There were several factors at work causing trouble for the Breton fleet: overfishing, the destruction of the seas by industrial large-scale fishing; the rising temperature and pollution of the oceans – causing serious damage to fish stocks; climate change and the associated quirks in the weather which led to ever-diminishing catch sizes; the brutal, almost lawless international competition; fishing policies that had long been failing, on regional, national, and international levels; fierce arguments, bitter quarrels and conflicts. 

Brittany, we see, is a place in flux, at war with itself in some ways.  And The Killing Tide explores a number of ecological and economic questions, but it does so with skill and restraint, never resorting to the type of lecturing that would seem inorganic to the story.

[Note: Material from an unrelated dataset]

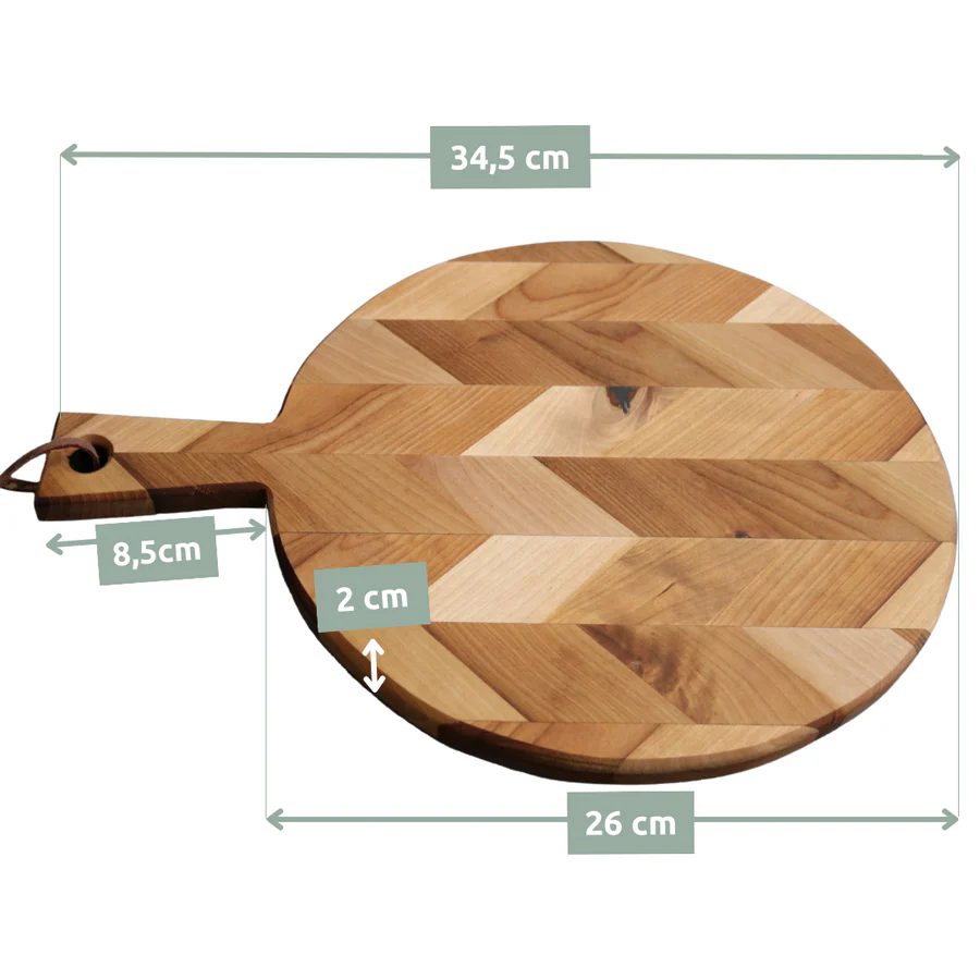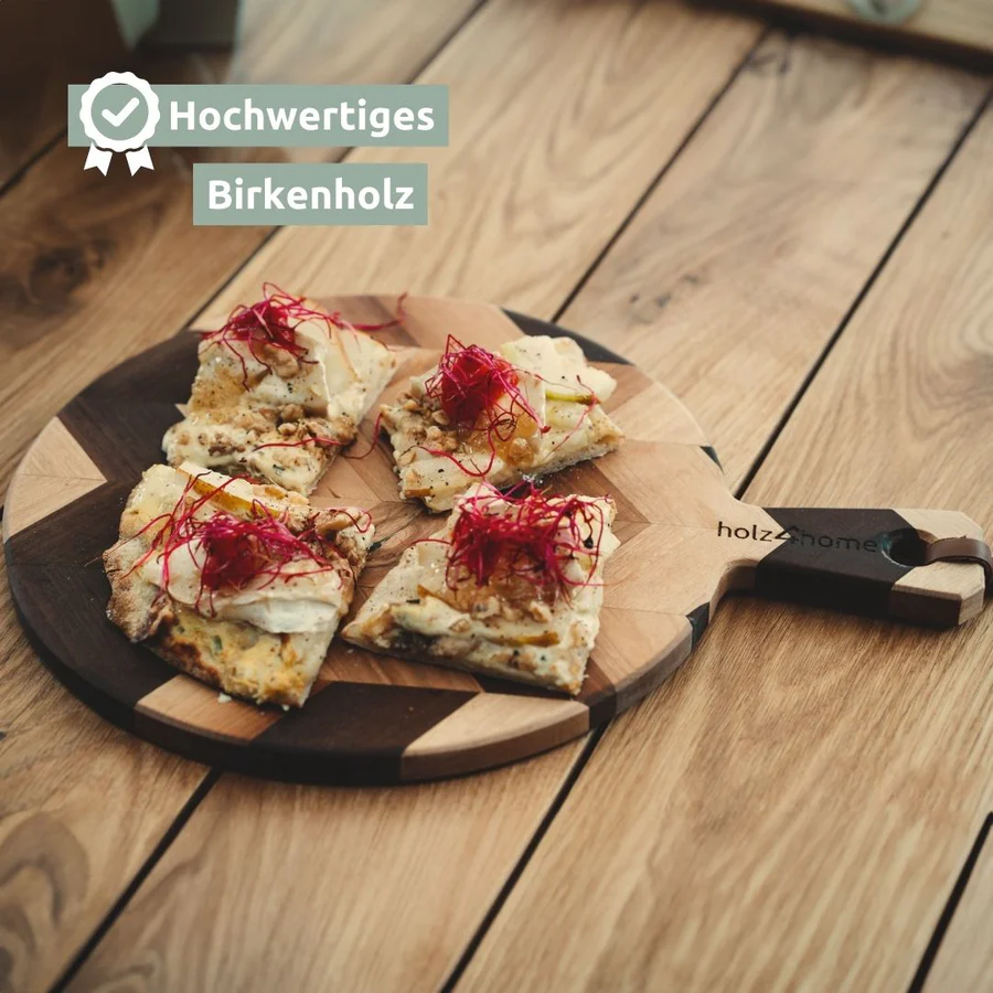- HOCHWERTIGE QUALITÄT: Jedes Brett wird als Einzelstück in liebevoller Handarbeit gefertigt. Das große runde Holz Schneidebrett ist aus thermisch modifiziertem Birkenholz gefertigt und von Natur aus antibakteriell. Durch die Verwendung von hochwertigem, massivem Holz ist das Küchenbrett besonders langlebig. Das originelle Muster im Fischgräten-Look sowie das Echtlederbändchen sorgen für eine auffällig schöne Ästhetik.

Less stellar is the novel’s pacing. Bannalec does take his time. A pure linear procedural, the novel occurs over two days, and the author spares us virtually nothing that Dupin does over the course of those two days. His every movement, sensation, doubt, assumption, counter-assumption, and imagining is recorded. I found myself reading for extended periods in an odd state somewhere between peak interest and tedium, and perhaps that’s the effect the author is trying to achieve. Maybe this feeling reflects what Dupin feels slogging around on his case. Yet I couldn’t help but think that Bannalec could learn a thing or two about what to leave out, and I kept going back in my mind to George Simenon books I’ve read, and the Martin Beck novels of Wahloo and Sjowall, masters at describing investigative detail while using the art of ellipsis.

Bannalec is effective in how he evokes Brittany, letting you taste its sea-salt air, smell the ocean, and see the myriad colors the coastal light creates. But even here, he could benefit from using the principle that less is more. Not once, but twice, does he inform us that the ancient Romans, coming from the calm of the Mediterranean and its interior sea, referred to Brittany and its exterior sea, the Atlantic, as “the end of the world”.  The “craggy landscape”, “wild beaches”, “deep bright green”, “tossing, whipping winds”, “wide-open Atlantic”, the “sapphire blue, turquoise blue, pale blue, azure blue” – Brittany has an elemental beauty that can be overwhelming, but as description piled on description, I found myself skimming some paragraphs and hoping that the plot would pick up.

Overall, The Killing Tide is a readable mystery set in a fascinating place that the author brings to life, but for the next book in the series, let’s hope that Bannalec tightens things up a bit.